Faceted Classification分面分类

Minimum MongoDB Version: 4.2

Scenario情形

You want to provide a faceted search capability on your retail website to enable customers to refine their product search by selecting specific characteristics against the product results listed in the web page. 您希望在零售网站上提供多方面的搜索功能,使客户能够通过根据网页中列出的产品结果选择特定特征来优化产品搜索。

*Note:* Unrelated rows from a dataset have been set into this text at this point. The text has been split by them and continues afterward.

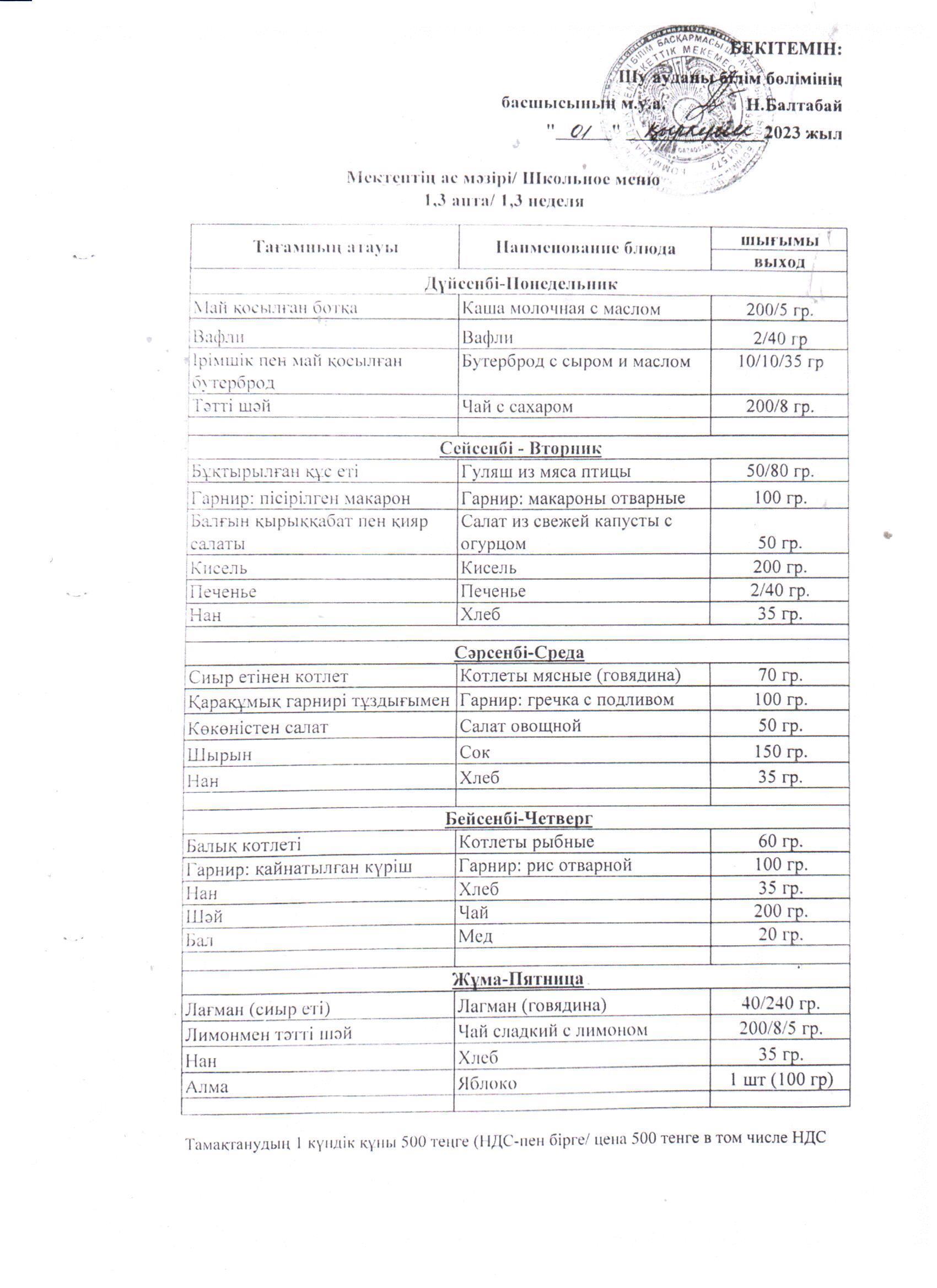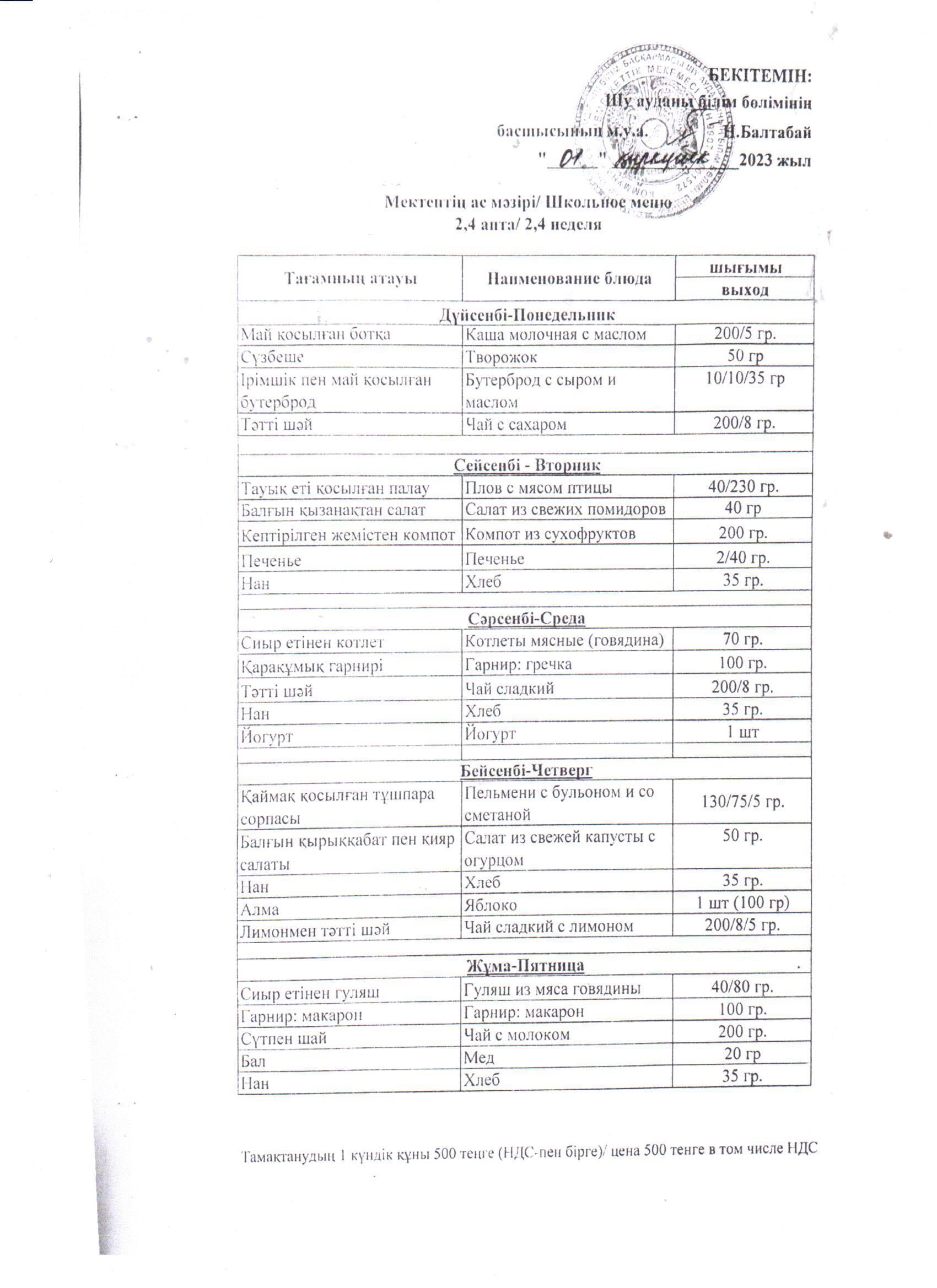 А.С.Макаренко атындағы орта мектебі » МЕКТЕП АСХАНАСЫ » 2023-2024 о/ж бастауыш 1-4 сынып және жекелеген санаттағы білім алушылар мен тәрбиеленушілерді бір мезгіл тегін және жеңілдетілген тамақтануды ұйымдастыру
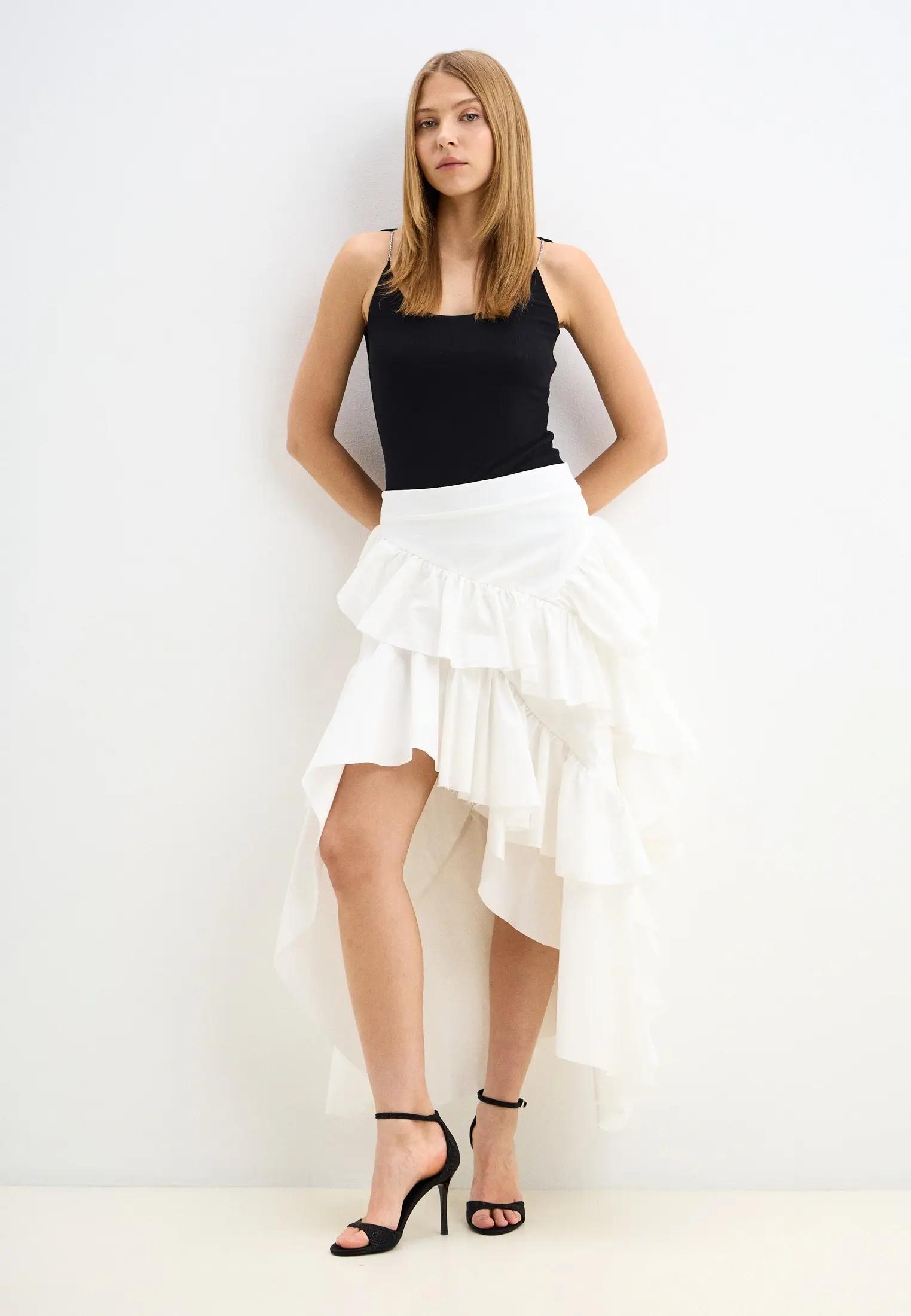 Контраст длины делает образ динамичным, а фактура меха подчеркивает легкость юбки.
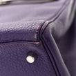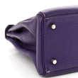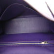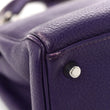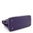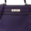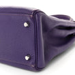 This is an authentic HERMES Togo Kelly Retourne 28 in Iris. This stylish Kelly handbag classic is crafted of beautifully textured calfskin leather in purple. The bag features a leather clasp top handle and a crossover flap with strap closure and a signature Kelly palladium silver plated turn lock with a padlock and a hanging clochette with keys. These open to a chevre goatskin leather interior.
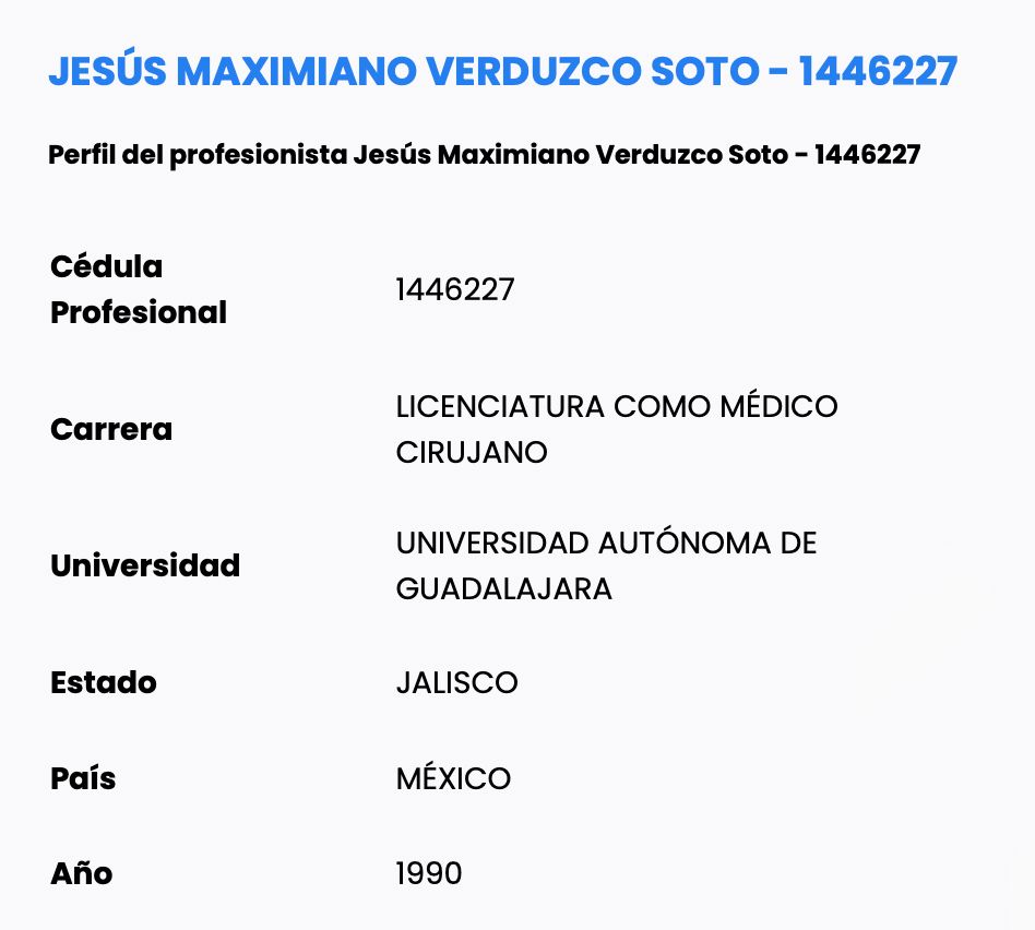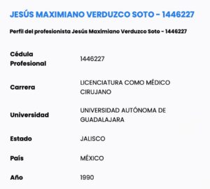 Jesús Maximiano ‘N’ estudió la licenciatura de médico cirujano en la Universidad Autónoma de Guadalajara y cuenta con cédula profesional vigente.
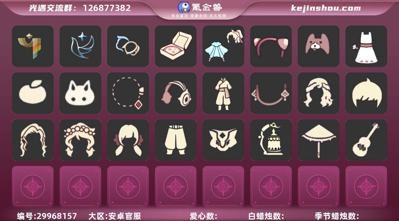 蜡烛数量:400 爱心数量:30 季节蜡烛数量:30 翼数量:100 预言季,梦想季,集结季,潜海季,追忆季 暮土队伍斗篷,霞谷队伍斗篷,雨林队伍斗篷,云野队伍斗篷,二级毕业礼斗篷,紫斗篷,蝴蝶斗篷,紫金斗篷,渔夫斗篷,蟑螂斗,黑金,白金,红金,绿芽,圣诞斗,万圣斗,彩虹斗,樱花斗,粉浴巾 丝滑短发,袍帽发型,荧光珠穗盘发,中分长发,迁徙鳐语者发型,迁徙钟匠发型 紫色护甲裤裙,紫色护甲压褶裤裙,紫色压褶连衣裙,毛绒短裙,水晶礼服,蓝色短裤,武士裤,白棉裤,搓澡巾,毛靴裤 单侧竖纹面具,双纹面具,斜纹面具,织光季横纹面具,织光季裂纹面具,鸦喙面具,受伤面具,老兵胡子面具,呼吸面具,半边面具,裂纹面具,狮子头面具,凤凰面具,鸟嘴胡子面具,白鸟面具,啄人面具,阿努比斯,黄鼠狼,矮人面具,黑脸 迁徙钟匠眼镜,必胜客联动面饰,飘带耳坠,肯德基联动眼镜,青鸟占卜智慧面饰,青鸟毕业面饰 冰晶滑雪板,锦标赛领奖台,雨林队伍旗帜,云野队伍旗帜 圆顶帽 集结季节项链,橙色围脖,风行毛领,圣诞领结 毛靴,凉鞋,芭蕾鞋 小雪人头饰,皮皮猫套装礼包,周年礼包,绊爱,鹿角,蜘蛛斗,牛仔裤,兔子鞋,福娃,鲤鱼套,彩虹帽,雪花球,绒帽,橘子,兔子,雪花,彩虹耳机,创始人,线框斗 卖家说:可小刀,可以换绑手机号,可以换实名,可以绑微信
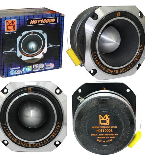MR DJ USA HDT1000S 4-inch Chrome High Compression Titanium Bullet Super Tweeter for Car, Van, ATV, UTV, Marine, Boat, Motorcycle, Motorsports, and Competition MR DJ HDT1000S 4" heavy-duty titanium super tweeters. MR DJ 4-inch square high compression titanium bullet tweeter features flat sides allowing close side-by-side mounting. It has a high-frequency response of up to 20,000 Hz and a sensitivity of 108 dB at 1W/1m. MR DJ Professional grade super tweeters that can easily handle high freque...
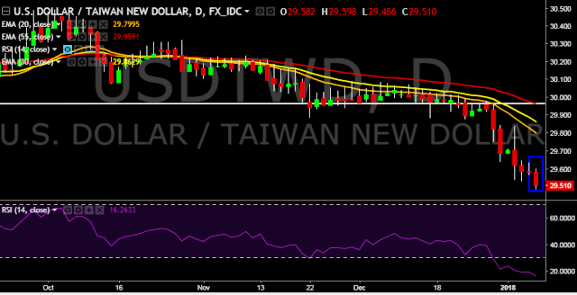 We prefer to take short position in USD/TWD around 29.55, stop loss at 29.72 and target of 29.28.
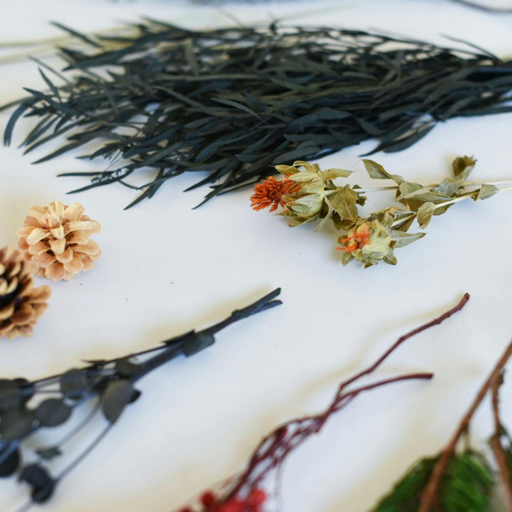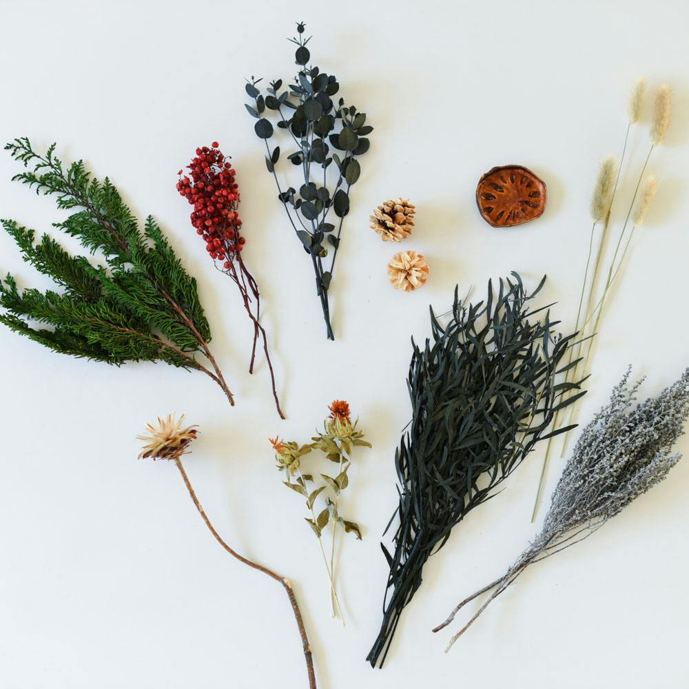 写真左から時計回りに、ソフトクジャクヒバ、ペッパーベリー、グニユーカリ、松かさ、べールナッツ、ラグラス、ソフトストーベ、ユーカリ・ニコリ、紅花、スターコーンと全10種類の花材です。
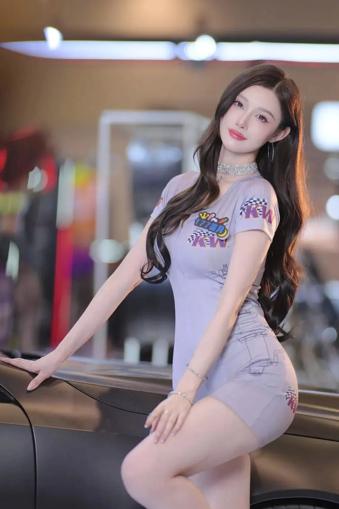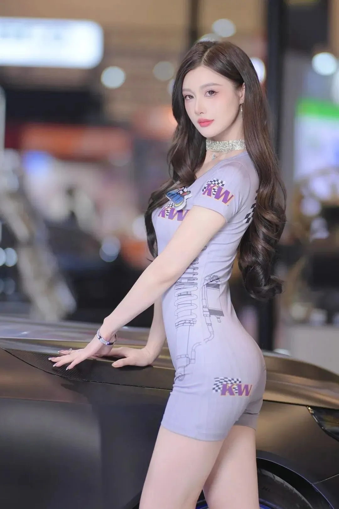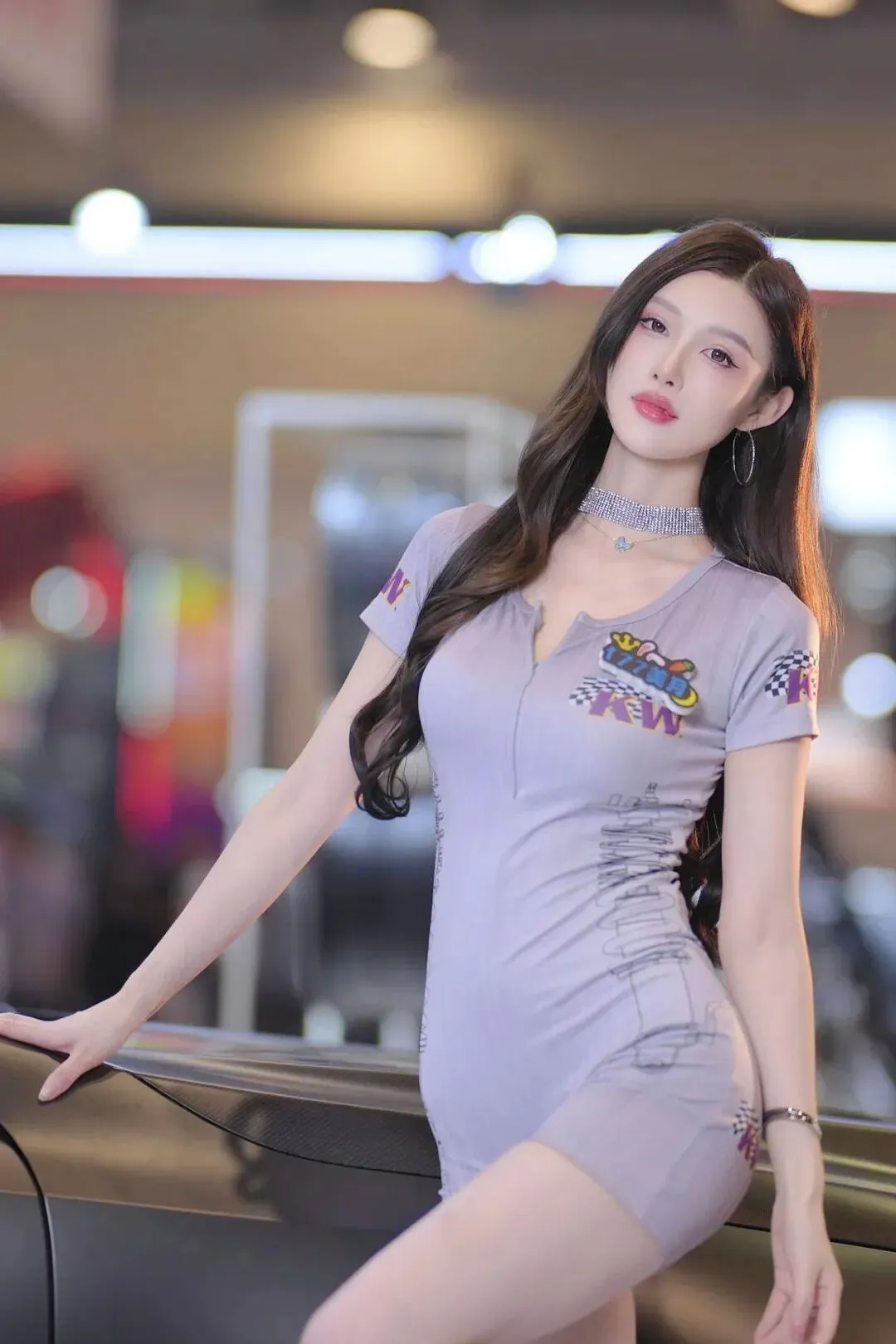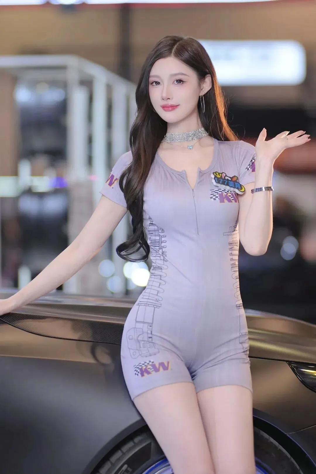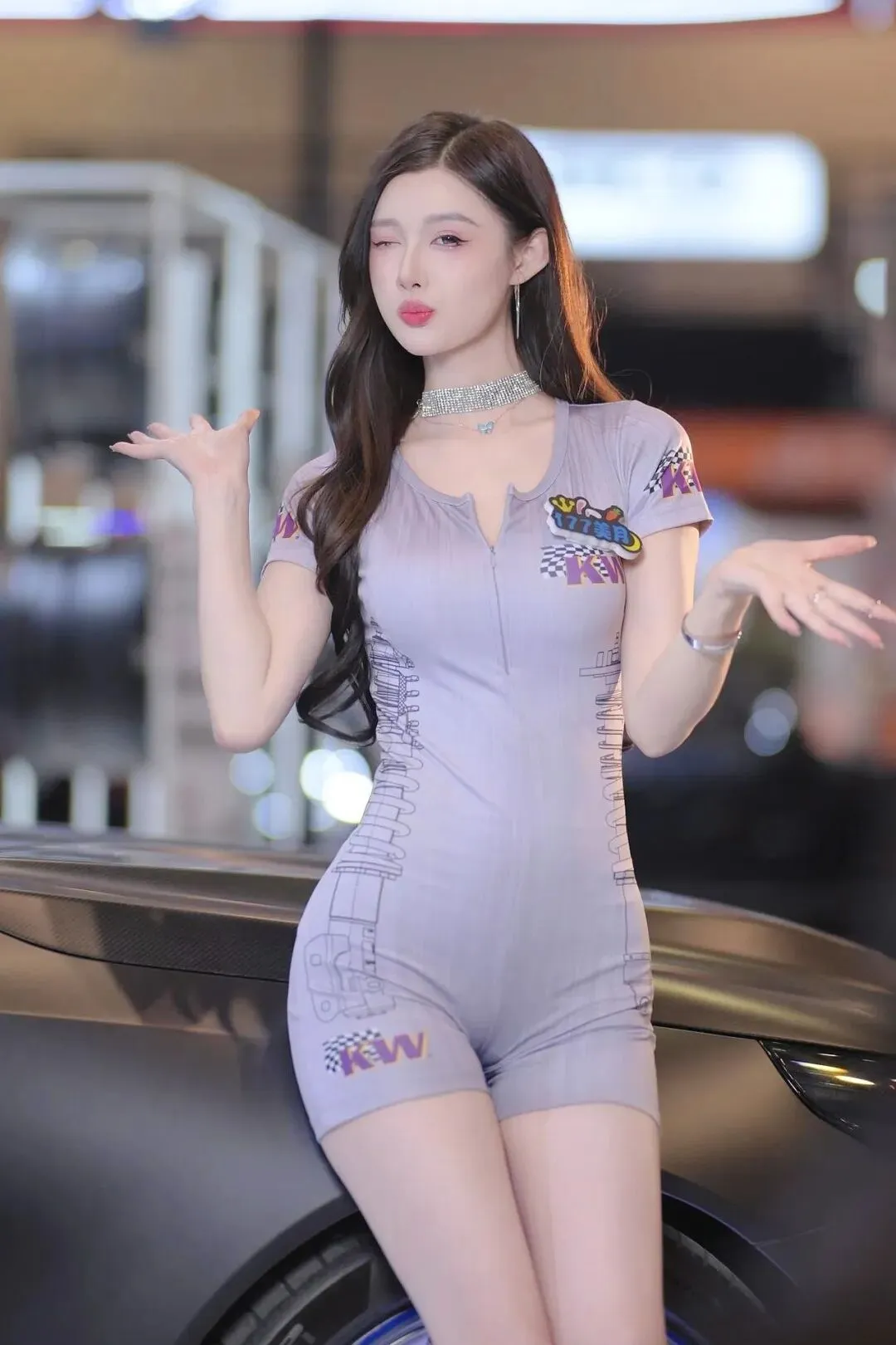 📷引擎轰鸣是背景音,镜头定格是高光时刻。浅灰赛车风连体衣勾勒利落线条,钻饰颈链点亮冷艳气场,靠在黑车旁的瞬间,把速度与性感焊在画面里,每一寸都写满车模的张力与魅力。

It is beneficial to classify the products by different dimensions, where each dimension, or facet, corresponds to a particular field in a product record (e.g. product rating, product price). 按不同的维度对产品进行分类是有益的,其中每个维度或方面都对应于产品记录中的特定字段(例如,产品评级产品价格)。Each facet should be broken down into sub-ranges so that a customer can select a specific sub-range (4 - 5 stars) for a particular facet (e.g. rating). 每个方面都应该细分为子范围,这样客户就可以为特定方面(例如评级)选择特定的子范围(4-5颗星)。The aggregation pipeline will analyse the products collection by each facet's field (rating and price) to determine each facet's spread of values.聚合管道将按每个方面的领域(评级价格)分析产品集合,以确定每个方面的价值分布。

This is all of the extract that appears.